GPTQ — Local AI Glossary | CraftRigs

GPTQ (Generative Pre-trained Transformer Quantization) is a post-training quantization algorithm that shrinks large language model weights down to 4-bit (or 3-bit) precision, letting much bigger models fit inside a single consumer GPU's VRAM. It was one of the first quantization formats to make 13B–70B models genuinely usable on a single 24GB card.

How GPTQ Works

GPTQ quantizes weights one layer at a time using a small calibration dataset, solving for the rounding choices that minimize output error against the original FP16 model. The result is a GPU-native format optimized for tensor-core math, not CPU offload.
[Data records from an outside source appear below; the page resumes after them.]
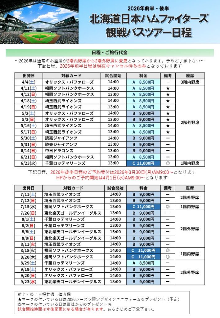 2月2日(月)より受付を開始させて頂きました「北海道日本ハムファイターズ観戦バスツアー」につきまして初日より大変多くのお申し込みをいただき、全日程全て完売となっております。
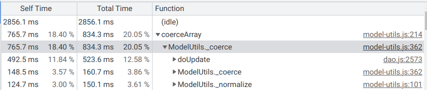 The way ModelUtils._coerce uses coerceArray is inefficient, and is causing it to show up as 20% of my application's CPU usage in profiler runs under a create heavy workload.
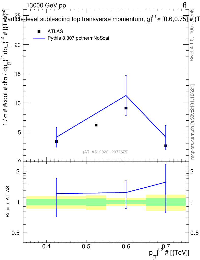 Lines: data, pythia8 8.307 ppthermNoScat |
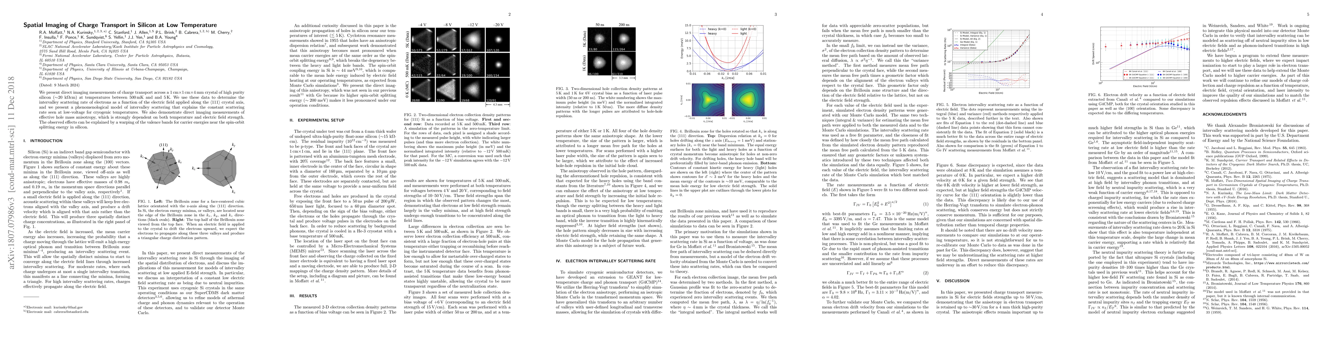 This research directly images charge transport in a large silicon crystal at cryogenic temperatures, determining intervalley scattering rates and presenting a model. It also reveals temperature- and field-dependent hole mass anisotropy, attributed to valence band warping near spin-orbit splitting energy.
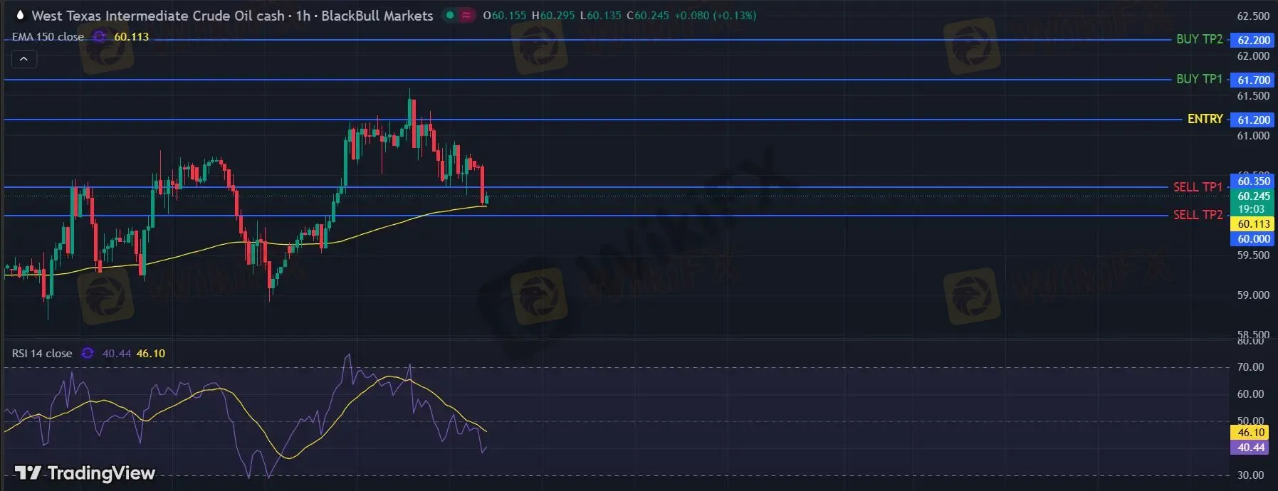 在 61.20 之下,看跌,目标价位为 60.35 ,然后为 60.00 。

Unlike GGUF, which targets llama.cpp and CPU/GPU split inference, GPTQ assumes you have enough VRAM to load the whole model on the GPU.

Where It Fits in the Quantization Landscape

GPTQ is one of four major formats builders pick between: GGUF, GPTQ, AWQ, and EXL2. vLLM supports GPTQ alongside AWQ and HuggingFace-native quantization, making it a common choice for production-style serving on CUDA or ROCm stacks. AWQ generally produces slightly better quality at the same bit-width, and EXL2 is faster on ExLlamaV2, so GPTQ has lost some ground — but its ecosystem support is broad and stable. LM Studio and Ollama lean GGUF-first, so GPTQ is more of a vLLM/text-generation-webui format in practice.

Why It Matters for Local AI

If you're running vLLM on a 16–24GB GPU and want maximum throughput without offloading to system RAM, GPTQ is one of the formats that makes a 13B or 34B model viable on a single card. It's less flexible than GGUF for mixed CPU/GPU rigs, but on a pure-GPU build — exactly the kind of rig CraftRigs readers are sizing — it delivers fast inference and predictable VRAM use. Pick GPTQ when your runtime is vLLM or ExLlama and the whole model fits in VRAM; pick GGUF when it doesn't.